Finally, we analyzed participants’ group-level disagreement for items that mention each social group. We use a logistic regression model to predict disagreement ratio, which is a value between 0 and 1. The results of a cross-classified multi-level logistic regression, with group-level disagreement ratio as the dependent variable and warmth and competence stereotypes as independent variables, show that participants disagreed more on items that mention a social group which they perceive as low on competence (β =− 0.29, SE = 0.001, p < .001). In other words, a one point decrease in a participant’s rating of a social group’s competence (on the scale of 1 to 8) is associated with a 25.2% increase in their odds of disagreement on items mentioning that social group. Perceived warmth scores were not significantly associated with the odds of disagreement (β = 0.05, SE = 0.050, p = .322).

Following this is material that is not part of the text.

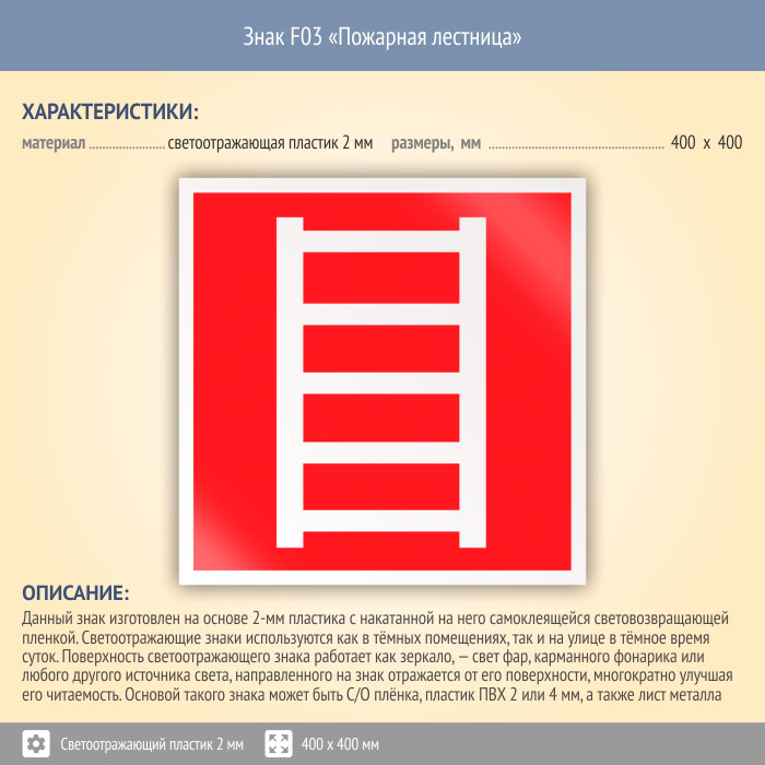 Знак F03 «Пожарная лестница» (светоотражающий пластик, 400х400 мм) в Твери купить

In summary, as represented in Figure 2, the results of Study 1 demonstrate that when novice annotators perceive a mentioned social group as high on competence they (1) assign more hate speech labels, (2) show higher tendency for identifying hate speech, and (3) disagree less with other annotators. These associations collectively denote that when annotators stereotypically perceive a social group as highly competent, they tend to become more sensitive or alert about hate speech directed toward that group. These results support the idea that hate speech annotation is affected by annotators’ stereotypes (specifically the perceived competence) of target social groups.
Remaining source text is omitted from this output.